1) If $D\le 0$, let $$a = \frac{x_1+x_2+x_3}{3}-\frac{1}{3}\sqrt{x_1^2+x_2^2+x_3^2-x_1x_2-x_1x_3-x_2x_3}\, ,$$ $$b = \frac{x_1+x_2+x_3}{3}+\frac{2}{3}\sqrt{x_1^2+x_2^2+x_3^2-x_1x_2-x_1x_3-x_2x_3}\, .$$ We have $x_1+x_2+x_3 = a + a + b, \ x_1^2+x_2^2+x_3^2 = a^2 + a^2 + b^2$ and $0 \le a \le b\le \frac{1}{4}$. Thus, $(a, a, b, x_4, x_5, \cdots, x_m)$ is a feasible point of the optimization problem given in (4). We also have $a^3 + a^3 + b^3 > (x_1^3 + x_2^3 + x_3^2) \Longleftarrow (x_2-x_3)^2(x_1-x_3)^2(x_1-x_2)^2 > 0.$ Thus, we have $a^3 + a^3 + b^3 + x_4^3 + x_5^3 + \cdots + x_m^3 > x_1^3 + x_2^3 + x_3^3 + x_4^3 + x_5^3 + \cdots + x_m^3.$ Thus, $(a, a, b, x_4, x_5, \cdots, x_m)$ is strictly better than $(x_1, \ x_2, \cdots, x_m)$. This contradicts the optimality of $(x_1, \ x_2, \cdots, x_m)$.

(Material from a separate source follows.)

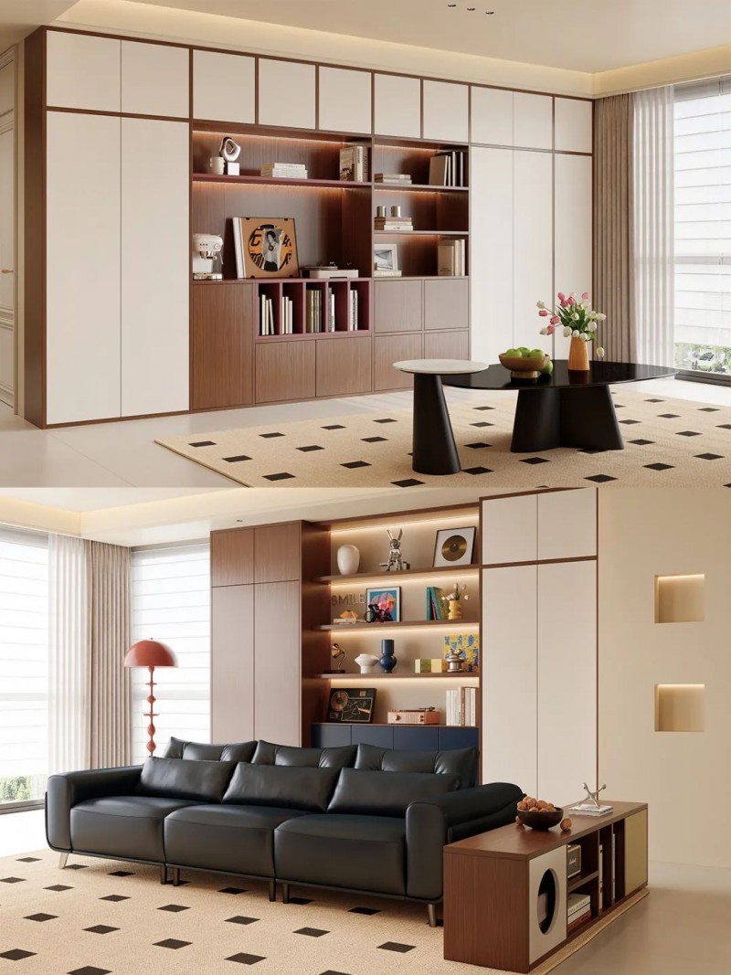 ①去客厅化设计,整墙电视柜提供大容量储物空间,半开放式柜门藏露兼备。中古木料做基底,搭配白色柜门与木色围边,立体层次感跃然眼前,营造出浓郁的复古风情;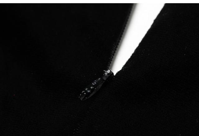 深いVネックデコルテをきれいに見せられ、スカートの裾は太ももまで開け、セクシーの雰囲気に。

2) If $D > 0$, let $$u = \frac{x_1+x_2+x_3}{2} - \frac{1}{8} + \frac{1}{8}\sqrt{D}\,,$$ $$v = \frac{x_1+x_2+x_3}{2} - \frac{1}{8} - \frac{1}{8}\sqrt{D}\,.$$ We have $x_1 + x_2 + x_3 = \frac{1}{4} + u + v, \ x_1^2+x_2^2+x_3^2 = (\frac{1}{4})^2 + u^2 + v^2.$ It follows from $D>0$ and $0 < x_1 < x_2 < x_3 < \frac{1}{4}$ that $$x_1+x_2+x_3\ge \frac{1}{4},$$ $$x_1^2+x_2^2+x_3^2 \ge \frac{1}{16},$$ $$16(x_1x_2+x_1x_3+x_2x_3) - 4(x_1+x_2+x_3) + 1\ge 0,$$ $$16(x_1x_2 + x_1x_3 + x_2x_3) - 8(x_1+x_2+x_3) + 3 > 0,$$ $$-192x_1x_2x_3 + 48(x_1x_2+x_1x_3+x_2x_3) - 12(x_1+x_2+x_3) + 3 > 0.$$ With these facts, we have $0 \le v \le u \le \frac{1}{4}$ and $(\frac{1}{4})^3 + u^3 + v^3 > x_1^3 + x_2^3 + x_3^3.$ Thus, $(\frac{1}{4}, u, v, x_4, x_5, \cdots, x_m)$ is a feasible point of the optimization problem given in (4) and is strictly better than $(x_1, \ x_2, \cdots, x_m)$. This contradicts the optimality of $(x_1, \ x_2, \cdots, x_m)$. This completes the proof of the claim.